2.3.3. FTIR Spectroscopy
Fourier transform infrared (FTIR) spectroscopy was performed according to the method of Chen et al. (2025) [6]. The secondary structure of interfacial proteins was conducted through FTIR spectroscopy (NICOLET 6700, Thermo Fisher Scientific, Waltham, MA, USA). Subsequently, 2 mg of freeze-dried interfacial proteins were mixed and ground thoroughly with 200 mg of dried KBr pellet, respectively. The samples were then compressed into semi-transparent sheets using a tablet press. The instrument was calibrated with a resolution of 4 cm^−1^, and 256 scans were conducted. The infrared absorption of the samples was recorded in the wavelength range of 400–4000 cm^−1^. The secondary structure of the protein was analyzed by fitting the amide bands of its IR spectra to the second-order derivative IR deconvolution spectra using Peakfit software (Version 4.12, Systat Software Inc., San Jose, CA, USA).
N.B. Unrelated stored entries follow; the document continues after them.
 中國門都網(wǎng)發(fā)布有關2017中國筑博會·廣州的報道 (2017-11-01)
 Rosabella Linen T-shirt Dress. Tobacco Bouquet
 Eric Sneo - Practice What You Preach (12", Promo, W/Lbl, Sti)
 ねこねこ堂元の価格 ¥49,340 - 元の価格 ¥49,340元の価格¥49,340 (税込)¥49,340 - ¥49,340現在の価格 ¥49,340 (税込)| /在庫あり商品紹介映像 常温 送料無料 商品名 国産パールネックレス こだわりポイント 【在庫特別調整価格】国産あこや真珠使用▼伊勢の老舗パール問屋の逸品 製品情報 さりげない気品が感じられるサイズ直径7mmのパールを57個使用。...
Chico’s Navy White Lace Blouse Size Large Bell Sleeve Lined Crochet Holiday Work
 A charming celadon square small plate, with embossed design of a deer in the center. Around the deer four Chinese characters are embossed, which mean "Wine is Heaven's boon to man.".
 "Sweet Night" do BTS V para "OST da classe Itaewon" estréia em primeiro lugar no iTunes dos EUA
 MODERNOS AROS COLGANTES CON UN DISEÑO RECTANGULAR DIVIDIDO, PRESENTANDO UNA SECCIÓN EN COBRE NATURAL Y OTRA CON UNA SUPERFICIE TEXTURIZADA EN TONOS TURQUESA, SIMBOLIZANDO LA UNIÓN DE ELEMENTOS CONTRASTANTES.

2.3.4. Intrinsic Fluorescence Spectroscopy
The intrinsic fluorescence of the proteins was measured with a FL970Plus fluorescence spectrophotometer (Tianmei Yito Laboratory Equipment Co., Ltd., Shanghai, China). The samples were dispersed in the phosphate-buffered solution (PBS, 10 mM, pH 7.0) to a concentration of 0.1 mg/mL. The detection was carried out at an excitation wavelength of 280 nm, and the fluorescence spectra were obtained in the wavelength range of 300–450 nm with the emission and excitation slit widths of 5 nm.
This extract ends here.